According to Frank Povah a lecturer and writer of mixed Aboriginal and European decent, the "Yuuri" is a little man, not much higher than 4'. Franks says, "My Grandmother wanted to take me up and show me where they were. When she first seen it she thought it was a Sheepskin Hagen on a post, but when she got close to it, she could see it was a little "Yuuri". Covered in hair with long nails and big teeth. She thought it was more frightened of them than they were of it.

Never used to interfere with anyone, just went about in it's own way. Grandma was going to take me up and show me where it lived, but I said Grandma, do you think it's right we should go and disturb them if they don't disturb us? But she said, 'I just want to show you were it lives so you can pass it on'. One of the people living up there said she sighted one.

It came to her camp for a drink of water. She was up there by herself. She had dogs that'd eat anybody who came to the place and they just run in the hut, whingin and cringin and when she looked out she could see somethin goin away. When she got up in the mornin there was little tracks just there, walkin around the camp near her water bucket. She said it must of had a drink of water and went back off to the hills."


The legend of the "little" Yowies are steep in the Aboriginal tradition, Frank Povah continues........"Yuuriwinaa in our language means 'hairy Woman', not so much hairy man, but hairy Woman. But they can change from a Man to a Woman whenever they want to. They are short, about 3', bit more, real hairy and real Stinkin. They've got teeth like a Greyhound, big fangs I have always believed that they lived in the thick scrub.

There was an old clever feller used to live on the other side of the river from where the actual community used to live. We used to go round to his place a lot and listen to his stories and talk to him. One night he sent us home early. He said. 'Look, when you hear the trees start to whisperin, it's time to go home. When you get home, go straight to bed'.

So when we gets home, Aunty said to us, "Arfter tea straight to bed'. When lying down in the bed we could hear the leaves and boughs rustlin on the tin, and Aunty says, 'There you go, see. There's some little people out there, the little Yuuriwinaa.
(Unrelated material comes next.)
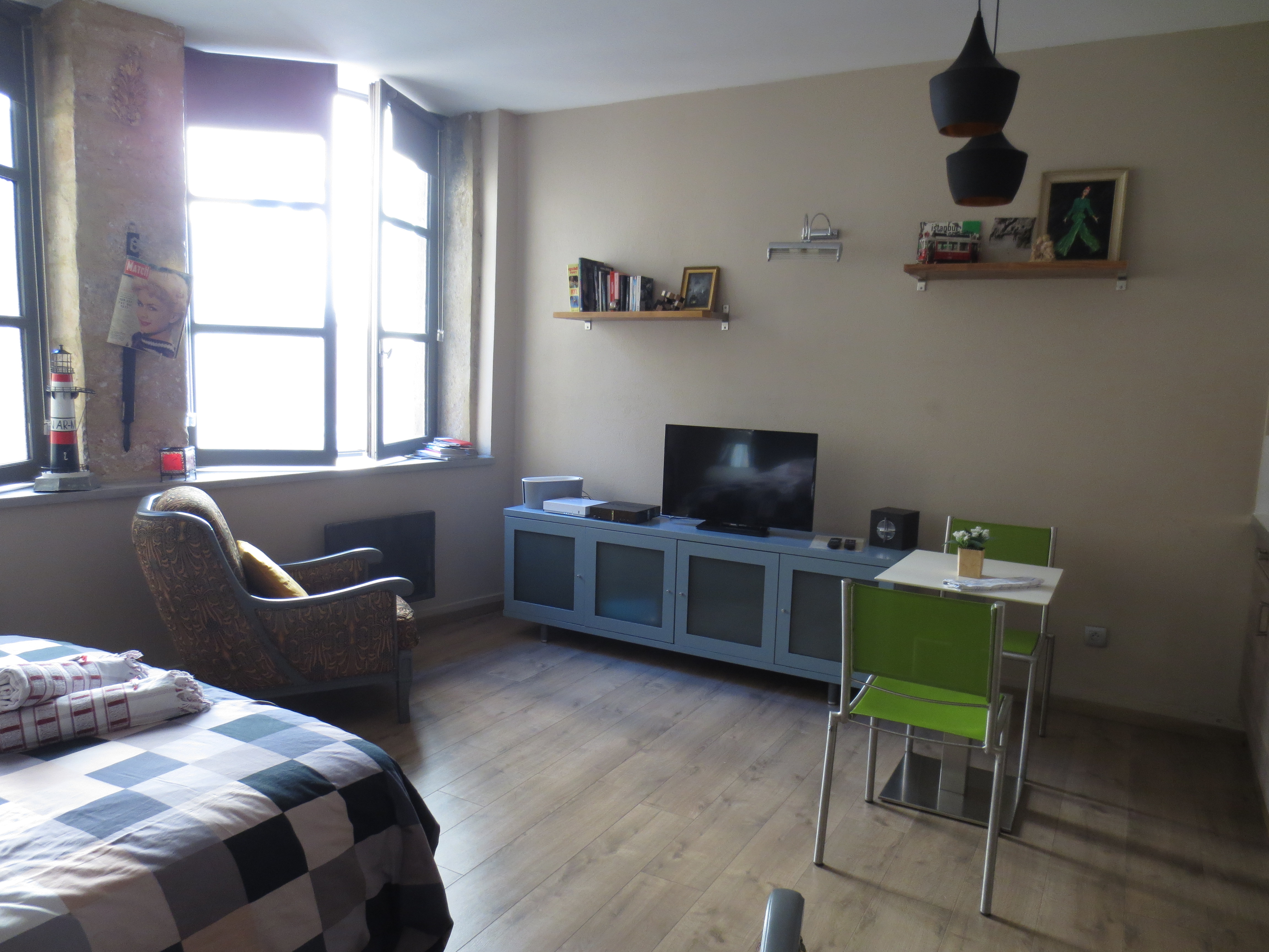 Our quaint flat is located in a 17th century building, on the 3rd floor, with a small courtyard outside the large windows. There’s a playground just around the corner that has 1 slide, that’s it, 1 slide, yet kids love it. From 5 to about 7;30pm in the evening, we can hear the children having the time of their life playing. Remember when it was simple??? When you didn’t need a lot to be happy??? Yeah, me neither.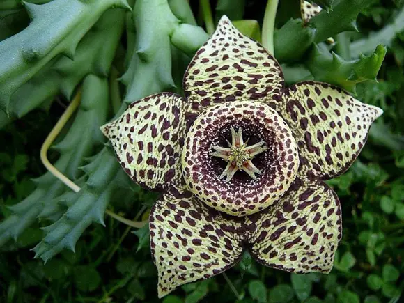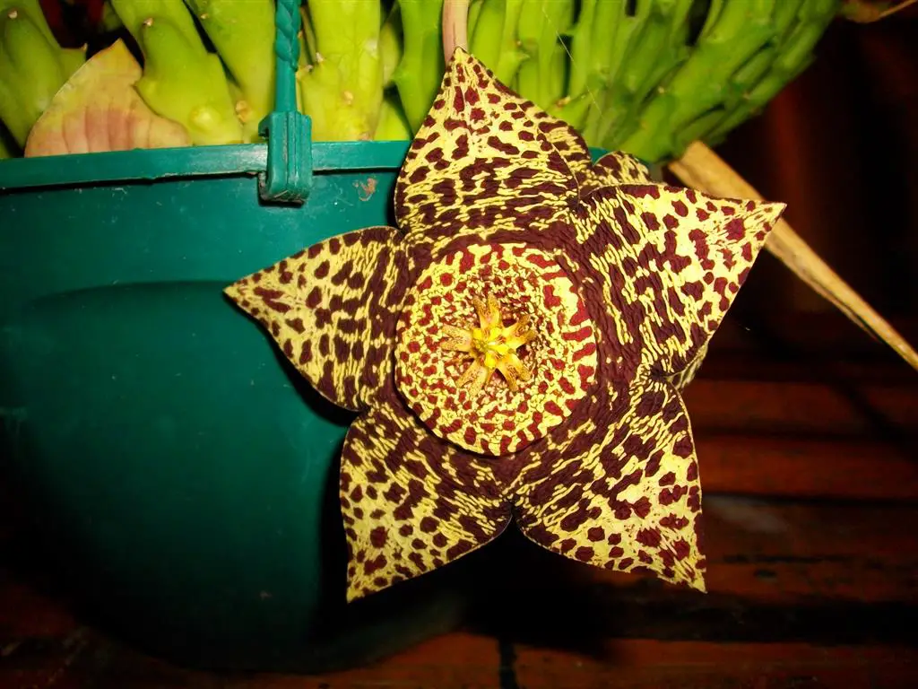 Las flores en forma de estrella son el gran atractivo de la especie, aparecen de verano a otoño y pueden alcanzar hasta 7 cm de diámetro, de color amarillento y salpicadas de manchas de color marrón rojizo.

If you fellers were out there they might of got you tonight'. The next mornin when we got up she took us outside and in the soft sand around the house she showed us all their little tracks, four toes people. Full footprint, instep and all that, heel. Just like a Human footprint but with only four toes not five." "Me cousin was walkin home one night and on the mission there's no lights and its very dark.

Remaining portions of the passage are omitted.